On this scenario, we’re using it for a spring boot application with maven dependencies. We crafted two scripts for this: one to handle cache hits and another for cache misses. This approach ensures we’re only moving what we need, when we need it.
Cache Hit Script:
#!/bin/bash
# Maven repository cache hit script
bucket="s3-cache-bucket-name" # Replace with your S3 bucket name
os_type=$(uname | tr '[:upper:]' '[:lower:]')
hash=$(sha256sum pom.xml | awk '{print $1}')
maven_tarball="${os_type}-${hash}-maven.tar.gz"
maven_tarball_abs_path="${HOME}/${maven_tarball}"
final_maven_remote_path="s3://${bucket}/${maven_tarball}"
cache_hit=false
if aws s3 ls "${final_maven_remote_path}" ; then
echo "Cache hit! Downloading Maven repository tarball..."
aws s3 cp "${final_maven_remote_path}" "${maven_tarball_abs_path}"
mkdir -p ~/.m2
tar -xzf "${maven_tarball_abs_path}" -C ~/.m2
cache_hit=true
fi
echo "CACHE_HIT=${cache_hit}" >> $GITHUB_ENV
The final_maven_remote_path
is how we make sure we don’t have partial uploads or downloads, resulting
in corrupted cache.
Cache Miss Script:
#!/bin/bash
# Maven repository cache miss script
bucket="your-s3-bucket-name"
os_type=$(uname | tr '[:upper:]' '[:lower:]')
hash=$(sha256sum pom.xml | awk '{print $1}')
maven_tarball="${os_type}-${hash}-maven.tar.gz"
maven_tarball_abs_path="${HOME}/${maven_tarball}"
final_maven_remote_path="s3://${bucket}/${maven_tarball}"
if ! aws s3 ls "${final_maven_remote_path}" ; then
echo "Cache miss, creating Maven repository tarball..."
tar -czf "${maven_tarball_abs_path}" -C ~/.m2 .
aws s3 cp "${maven_tarball_abs_path}" "${final_maven_remote_path}"
fi
Plugging it into the workflow:
After setting up Java, we check for cache hits with our script. If it’s a miss, we bundle up after the build and upload for next time.
- name: Set up Java
uses: actions/setup-java@v4
with:
distribution: 'corretto'
java-version: '17'
- name: Check cache maven dependencies
run: .bin/cache_hit.sh
- name: Package our app
run: # Your build commands here
- name: Save for later if we missed the cache
if: env.CACHE_HIT == 'false'
run: .bin/cache_miss.sh
This is a maven example, but you can adapt it to other languages and tools. We actually took it a step forward and created a custom action that we use for node and maven projects.

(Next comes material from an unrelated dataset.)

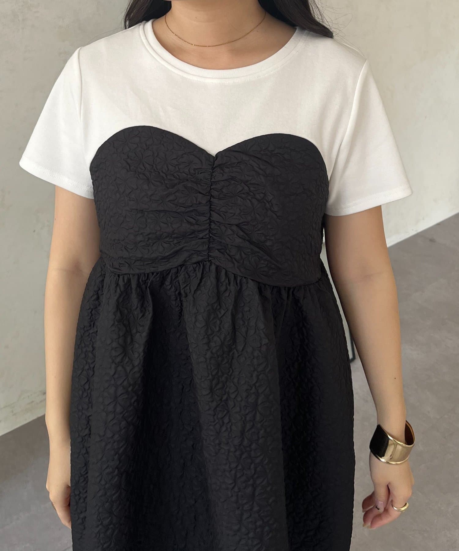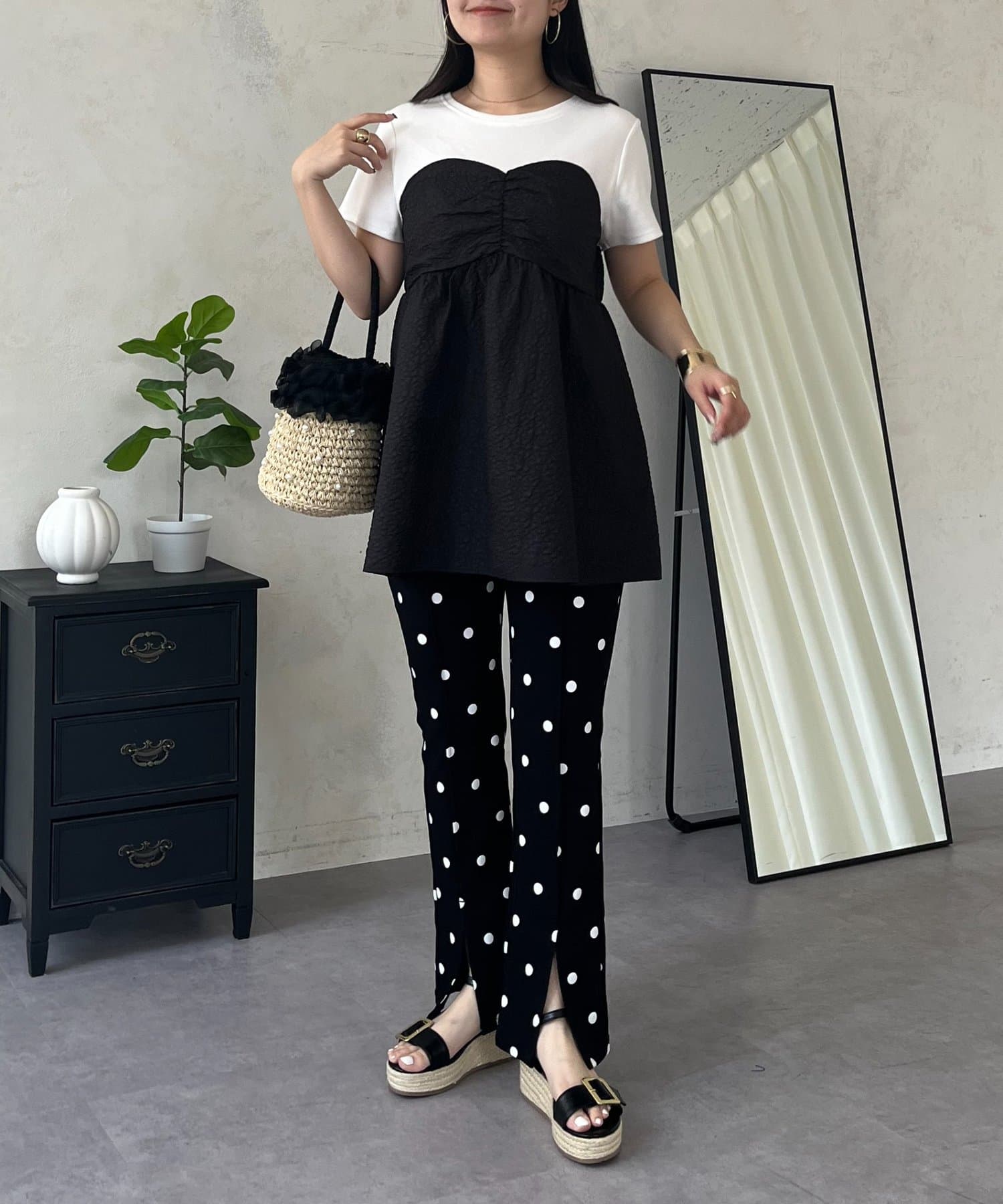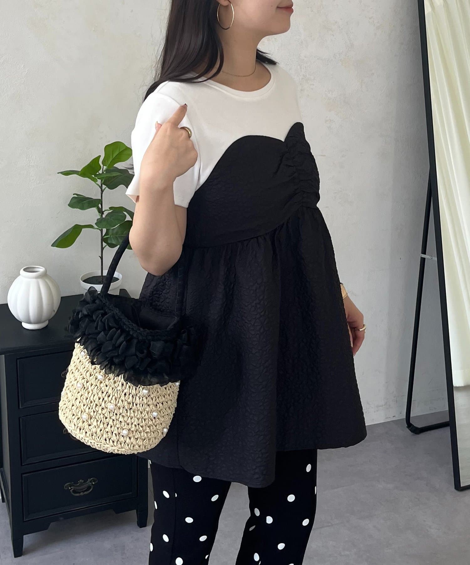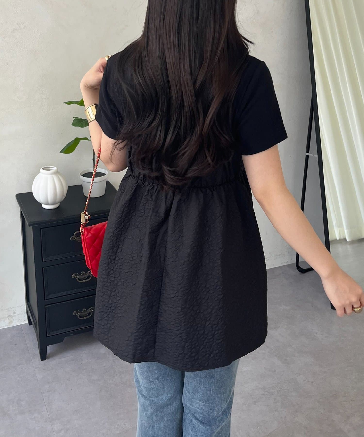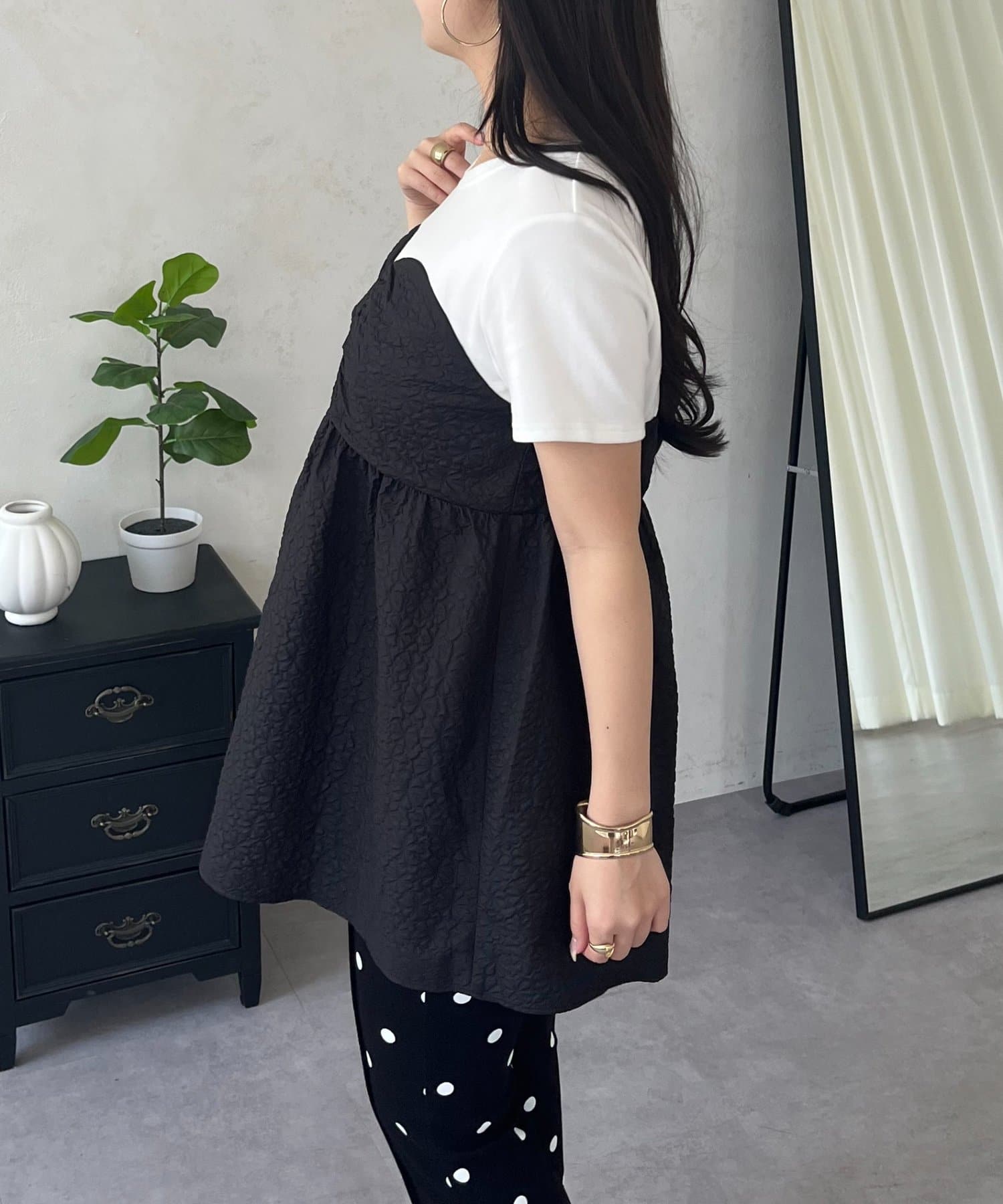 ●Tシャツに立体感のあるジャガードビスチェを重ねたようなドッキングデザインで、コーデに悩まずお洒落が完成

Implementing a Custom GitHub Action for Caching
To further streamline this process and make our caching mechanism reusable across projects, we propose creating a custom GitHub Action. This action would encapsulate the logic of our caching scripts, making it easily shareable and maintainable. Here’s how you can create such an action:
Create a New Repository for Your Action: This repository will host the action code. For clarity, let’s call it custom-cache-action.
Develop Your Action: Inside this repository, create a directory structure that includes:
- A Dockerfile that specifies the environment for running your caching scripts.
- The action.yml file, which defines the inputs, outputs, and main entry point for your action.
- Your caching scripts (cache_hit.sh and cache_miss.sh), modified as necessary to be parameterized based on action inputs.
Define Inputs and Outputs: In action.yml
, define the necessary inputs (e.g., pom.xml
path, S3 bucket
name) and outputs (e.g., cache hit status).
Your action should now be ready to be used across your organization’s repositories.
Integrate the Custom Action into Your Workflows: Replace the manual cache handling steps in your GitHub Actions workflows with your new custom action, passing the necessary parameters.
In Conclusion
Caching in CI doesn’t have to be a chore. With a bit of creativity and our inner MacGyver we can make our pipelines faster, more efficient, and less costly. It’s all about using the tools AWS gives us, like ECR for Docker image caching, and being clever with how we manage our dependencies with S3. Happy building, everyone!